- Born: 1852 Kherson, Russian Empire (now Ukraine)
- Died: September 4, 1921 (aged 68–69) Boston, Massachusetts, U.S.
- Occupation: Physician

= Stefania Berlinerblau =

Jewish-American anatomist and physician (1852–1921)

Stefania Berlinerblau or Fanny Berlin (1852 – September 4, 1921) was an American anatomist and physician. She is noted for her investigations on blood circulation, which led to the demonstration of the artery-vein connections. She is also considered a pioneer in pushing for the recognition of women in the medical field. She was one of the first Jewish women who practiced surgery in the United States and was a co-founder of the New England Women's Medical Society, seven years before the acceptance of women into the Massachusetts Medical Society.

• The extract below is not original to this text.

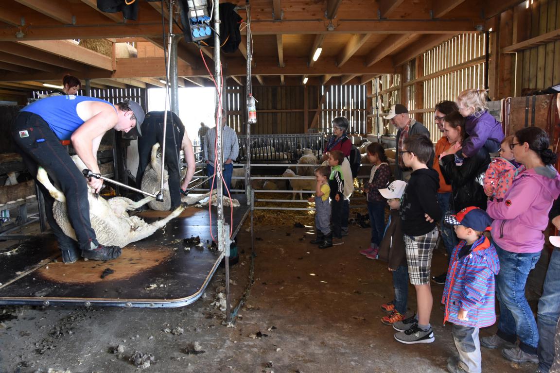 Die drei Profi-Schafscherer Andy-Fuchs aus Weinfelden TG, Jack Fagan und sein Cousin James Fagan aus Neuseeland legten ein bewundernswertes Tempo bei ihrer Arbeit hin. Zwei, maximal drei Minuten brauchten sie, um einem Schaf das Fell wegzurasieren, welches am Schluss praktisch an einem Stück – wie ein Wollpullover übrig blieb.

== Early life and education ==
Berlinerblau was born in 1852 in Kherson, Kherson Governorate, Russian Empire (currently Ukraine). She was the daughter of Markus Berlinerblau. At a young age, her ambition was to become a physician. After she completed her gymnasium education, she persuaded her parents to let her study medicine in Switzerland. Together with a friend, she became part of a colony of Russian medical students who were enrolled at the University of Zurich. An account cited that during this period, Berlinerblau was a strong sympathizer of Prince Pyotr Kropotkin, Sergey Stepnyak-Kravchinskii, and other Russian revolutionaries. For her revolutionary activities, spirited personality, and nihilist view, she was identified as one of the Kosakenpferdchen or "Cossack ponies". This group's appearance and politics had been described as "frightfully revolutionary", prompting German newspapers to warn women from associating with these students. In 1873, Tsar Alexander II banned women from studying in Zurich forcing her to transfer to Berlin where she completed her medical training.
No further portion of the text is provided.